Un frisson d’effroi parcourut l’assemblée et des murmures résonnèrent un peu partout dans l’atelier.
– Mais où sommes-nous ? demanda d’une voix inquiète une table de chevet un peu bancale.
– J’ai l’impression d’être restée des heures dans ce camion, commenta une chaise. Il y avait de nouveaux arrivants à chaque arrêt.
– Pourtant, commenta l’horloge, vous n’avez pas fait beaucoup de kilomètres. Votre quartier est tout proche. Ici, nous sommes à deux pas de la mairie et pas beaucoup plus loin de Croix de Chavaux.
– Pour être plus précis, expliqua l’établi, ici c’est « Deux fois rien », l’atelier de restauration de Jérémy, l’homme qui conduisait le camion dans lequel vous êtes arrivés. Il vit juste au-dessus.
– Je me sens toute démembrée, dit un tas de planches.

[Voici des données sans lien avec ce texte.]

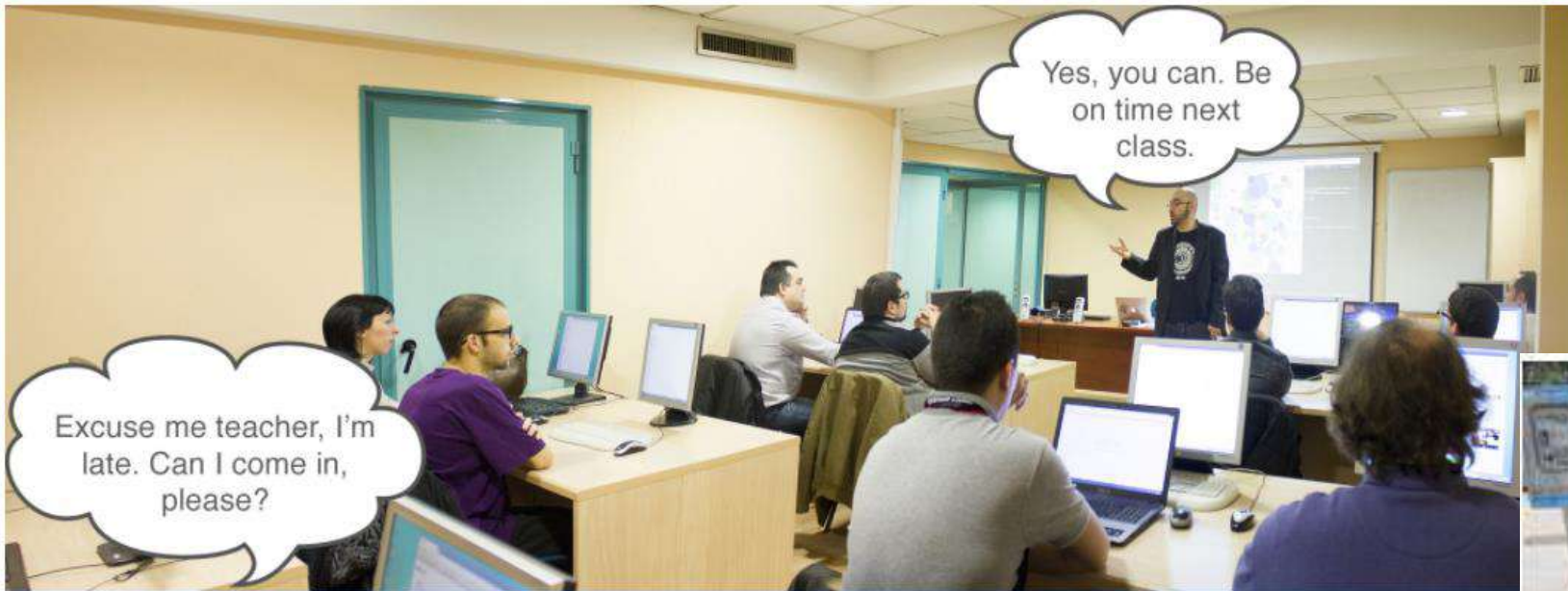
Adapted from Escolaespai (2014). Teacher [photo]. Taken from https://goo.gl/LvwuH3
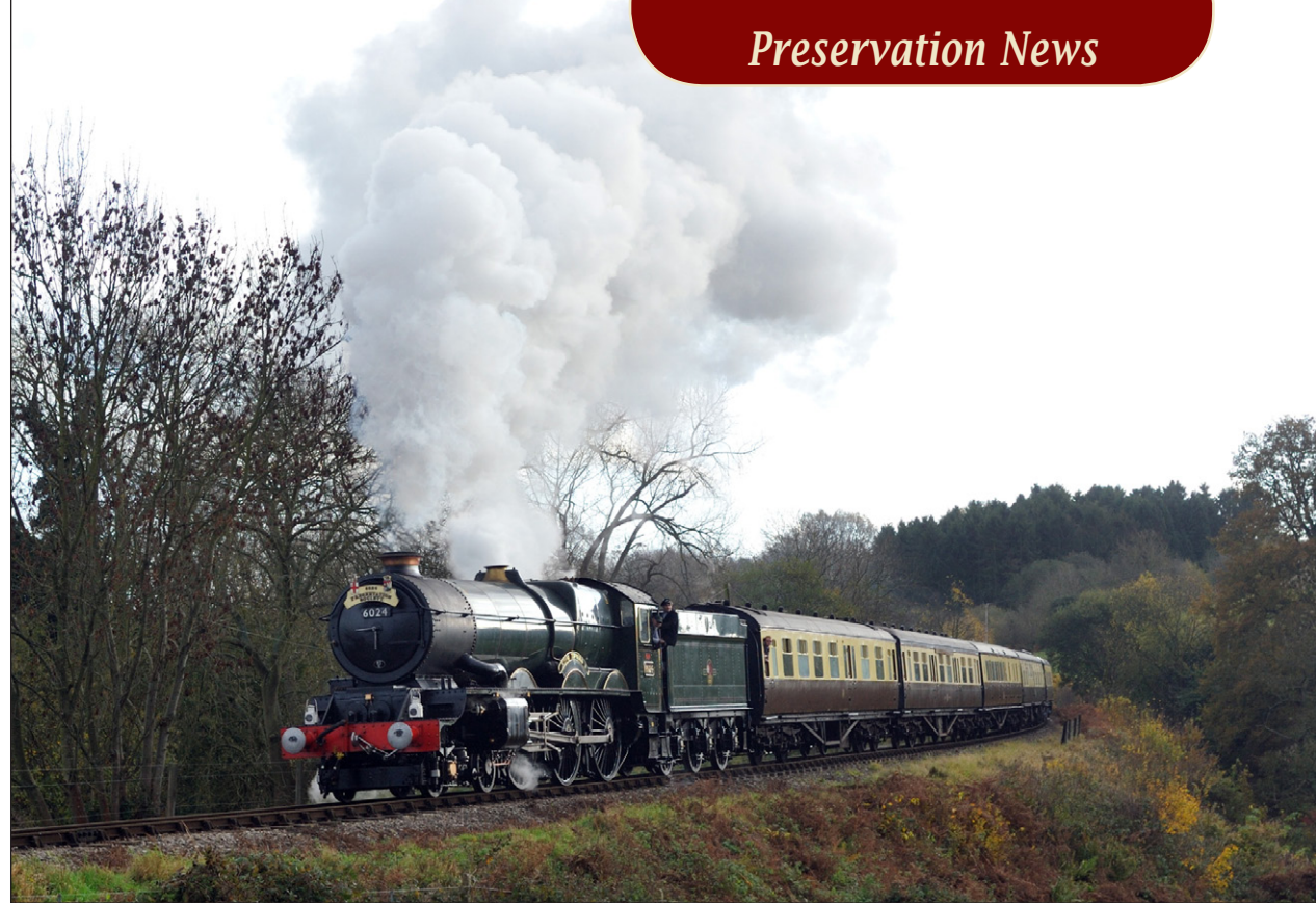
▲ GWR 'King' No. 6024 King Edward I approaches Hay Bridge as it accelerates away from a speed restriction on 15th November with the 12.00 Kidderminster to Bridgnorth 'Sunday Lunch' train. This was the only run that the loco undertook during its visit to the railway.

It is anticipated that with the number of times that the Victorian train operates, that the carriage will provide capacity for around 1,500 wheelchair passengers every year.
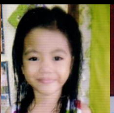
Princess Ale Birthday 11/19/2012 Nursery
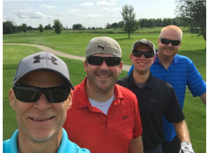
The Huskerteers get ready for their tournament round.
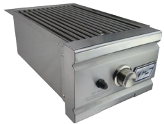
Infrared Side Burner
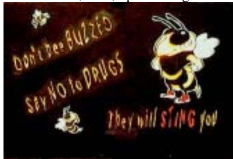
Shelby Herbkersman, 12-14, Hilton Head Island 10668 Alcohol category
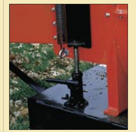
Built-in hydraulic jack makes feed roller maintenance quick and easy.
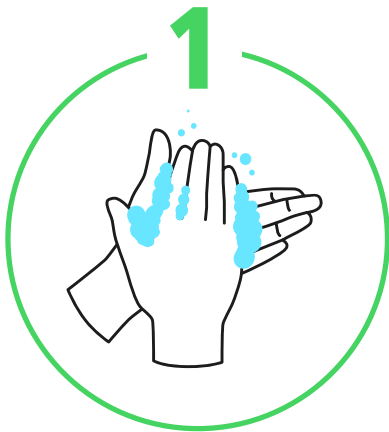
Palm to palm

Wash your hands with soap and water more often for 20 seconds
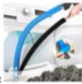
Dyer vent cleaner kit
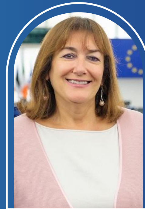
DUBRAVKA ŠUICA European Commissioner for Mediterranean
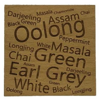
TEA VARIETIES CO1-001-D

– Ne t’inquiète pas, dit l’horloge. Il sait bien s’y prendre avec les meubles en kit. Comment t’appelles-tu ?
– Billy
– Un classique suédois, pas de soucis, le rassura la lampe. Puis elle se releva de manière à éclairer l’ensemble de la pièce. Maintenant que vous savez où vous êtes, nous allons procéder comme il se doit à une visite guidée des lieux et nous présenter. Après ce sera votre tout de nous dire qui vous êtes, d’où vous venez… Vous êtes ici au cœur névralgique de l’atelier poursuivit-elle en mettant en lumière l’établi et les outils accrochés au mur. C’est ici que Jérémy nous remet en état. S’il vous a ramassé c’est que votre cas n’est pas désespéré.
– Quand il se sera occupé de vous, vous viendrez nous rejoindre ici, expliqua un fauteuil et avec un peu de chance vous repartirez rapidement avec un nouveau propriétaire.
La lampe éclaira en direction de la voix, vers un espace de l’atelier arrangé comme l’intérieur d’une maison. La zone réservée aux meubles restaurés prêts à être vendus. Le fauteuil était posé à côté d’une table basse comme dans un salon.
– Toi Billy, dit l’horloge, je parie que demain tu vas déménager dans ce coin là-bas en dessous de l’escalier. Montre-lui lampe.
Un rayon de lumière illumina l’espace indiqué par l’horloge. Là, des tas de planches soigneusement délimités étaient posés le long du mur.

C’est ainsi que les occupants de l’atelier montrèrent les lieux  aux meubles collectés le soir-même. Il en était de même à l’issue de chaque tournée.
Tout au long de la nuit, nouveaux arrivants, résidents à temps plein et temporaires, en attente d’être restaurés ou vendus, discutèrent. Chacun racontait son histoire. Ils venaient des quatre coins de la ville et parfois de beaucoup plus loin au gré des déménagements de leurs anciens propriétaires.

Dehors le jour se leva. A l’étage Jérémy se préparait pour une nouvelle journée de travail à l’atelier. Depuis son installation, il se levait le matin sans cette impression de contrainte qu’il avait si souvent ressentie. Cette légèreté était son gain le plus précieux. C’est la réflexion qu’il se fit ce jour-là en se dirigeant vers la porte pour rejoindre le rez-de-chaussée. Dans l’interstice sous la porte, il crut apercevoir de la lumière mais une fois sur le palier, seule la lumière du jour éclairait l’atelier.
– J’aurai pourtant juré qu’une lampe était allumée, se dit-il en descendant l’escalier.
Il alluma la lampe au-dessus de l’établi sans remarquer que celle-ci dégageait encore de la chaleur. Il se mit à l’ouvrage ne se doutant pas un seul instant de la vie qui animait son atelier dès qu’il avait le dos tourné.